谢明珠望着他的背影,终于找到一个自认为合理的解释。
“你又在我面前故意装出清高模样。”
陈远转过身:“我装什么?”
谢明珠傲娇的说道:“你不肯从后门进,是因为不甘心。”
“你想在我面前找回尊严,想让我重新看你一眼。”
“可你应该明白,我们之间已经不可能了。”
陈远盯着她看了片刻,忍不住笑了。
他从未见过如此自作多情的人。
“郡主,你是不是误会了?”
“误会什么?”
“你除了出身,还有什么值得我惦记?”
门前的宾客慢慢围了过来。
陈远把曲谱交给红绡,语气平稳:“论容貌,你确实不差。论才学,你有帝师祖父替你铺路,倒也能在人前装几分端庄。可你徒有其表,除了出身一无是处。”
谢明珠脸色越来越难看。
“你说什么?”
“我说,与你退婚,是我这辈子最庆幸的事。”陈远向前一步,“不,是你这辈子做得最错的一件事。”
谢明珠的手指收紧,玉牌被她握得发白。
朱逸群立即挡在她面前:“陈远,你不过一个刷夜桶的贱役,也敢评价郡主?”
“我至少能靠自己的本事吃饭。”陈远看着谢明珠,“不像某些人,只会顶着祖父的名头耀武扬威。”
谢明珠终于失去克制:“朱逸群的父亲即将入主吏部,他本人也比你有才华、有前程。你算什么东西?一个被退婚、被流放、被送进教坊司的罪人,也敢在这里大放厥词?”

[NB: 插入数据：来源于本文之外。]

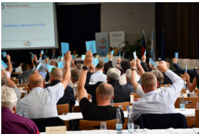
Delegáti 40. valné hromady při hlasování

Česká unie sportu zpracovala také analýzu dosavadního plnění koncepce Sport 2025. Tento materiál byl schválený usnesením vlády před šesti lety a výtýčil směry a cíle rozvoje a podpory českého sportu. Jedou z priorit bylo zastavit pokles tělesné zdatnosti dětí a mládeže, zastavit růst nadváhy a obezity, snižovat ekonomickou spoluúčasť rodin ve sportu, zvyšovat pohybovou gramotnost. Koncepce rovněž ukládá cílově navýšovat objem prostředků na sport ze stávajících 0,3 % na 1 % celkových výdajů státního rozpočtu. Nikdo však koncepci neplnil a žádný člen vlády plnění nekontroloval ani nepožadoval.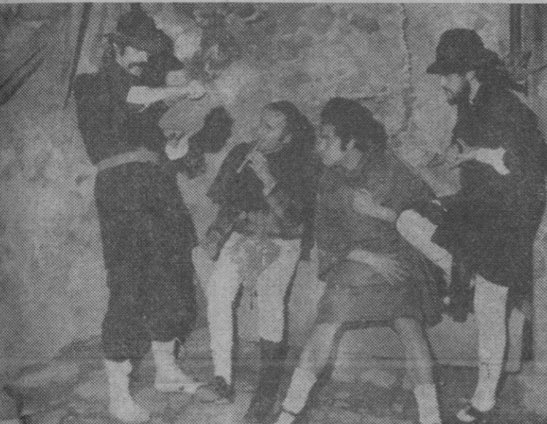
Una de las escenas que se están «rodando» en Segovia.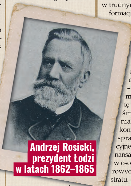
Andrzej Rosicki, prezydent Łodzi w latach 1862–1865

oddziału gwardii narodowej. Wywołało to konflikt, ale były bürgermeister nie znalazł już wsparcia u kolejnego burmistrza – Szymona Szczawińskiego, powoła-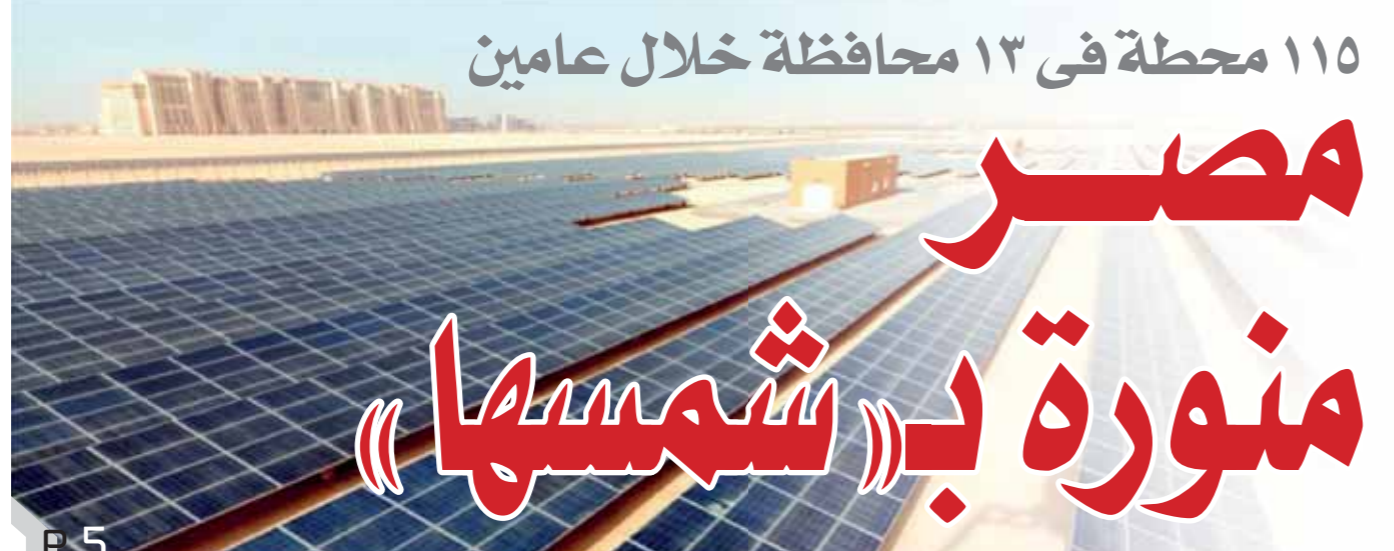
محطة فى ١٣ محافظة خلال عامين

凤思思上前半步:“朱家还没坐上吏部尚书的位置,朱公子便已经替他收官职了?”
红绡接道:“郡主也别忘了,陈公子进教坊司不到一个月,便让西院有了收入。”
“你们这些所谓的贵人,除了拿祖宗和父亲出来撑腰,还会什么?”
谢明珠转头盯着她们:“两个贱人,也配在本郡主面前插嘴?”
凤思思的手从琵琶弦上移开。
陈远抬起手,一巴掌落在谢明珠脸上。
谢明珠偏过脸,耳边的金簪随之晃动。
门前所有人的神情都凝住了。
陈远收回手:“向她们道歉。”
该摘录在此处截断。